Affirm’s debit card lets customers pay for a purchase right away, or request to pay over time via the company’s app. Executives have said the card enables the company to capture more brick-and-mortar spending and be used for habitual, lower-value transactions. Adding the spending account “creates a tighter experience” with the card, Michalek said.

Among the key benefits noted Tuesday by Affirm CEO Max Levchin: Refunds that go to an Affirm account are there for consumers to spend again immediately.

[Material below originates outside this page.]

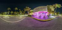 an upside down fish eye shot shows the restaurant, palm trees, and beach lights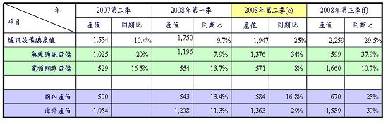 2008年上半年台灣通訊設備產業成長17.3%

“This is actually something I learned at my last payment network,” Levchin said, referring to his work for digital payments giant PayPal, which he co-founded. “Going from no available balance to some stored balance is a force multiplier on transactional velocity,” meaning consumers with money in their pockets tend to spend it more quickly, he said. 

Additionally, if consumers keep a balance in the account, especially lower-income consumers, or those with lower credit quality, “it is a fundamentally important underwriting signal,” Levchin said. 

Affirm has quietly offered a savings account to learn about consumer behaviors, with the goal of creating enough trust with users to transition that into a transactional account, Levchin said. With the account launch, however, the company is “not constructing a backdoor into banking,” Levchin said in response to an analyst question. “We do not intend to lend from these deposits,” he said. That’s “not on the roadmap right now,” he added.

The company doesn’t have a bank charter and isn’t looking for one at the moment, Levchin said. “It’s entirely a feature-related development,” he said of the account offering. “We won’t seek a bank charter until we see a feature that we have to have one for,” he added. 

During the investor forum, Affirm also said it’s taking a “disciplined approach” to entering new markets, highlighting the U.K. as its next move outside the U.S.

Pat Suh, Affirm’s senior vice president of revenue, said the company sees an opportunity to go beyond short-term, no interest loans in that market. Affirm has a small group of large partners that are multinational, such as Shopify, Levchin noted.

“We have hired a seasoned team, we have a country manager and we have the licenses,” Suh said of expanding into the U.K. “We’ve been having active conversations with a number of partners.”

Affirm also circled the business-to-business area as an opportunity for growth, and on Tuesday named its second B2B partner, Best Buy. That follows the Nov. 2 announcement that Amazon Business was adding Affirm as a payment option for sole proprietors.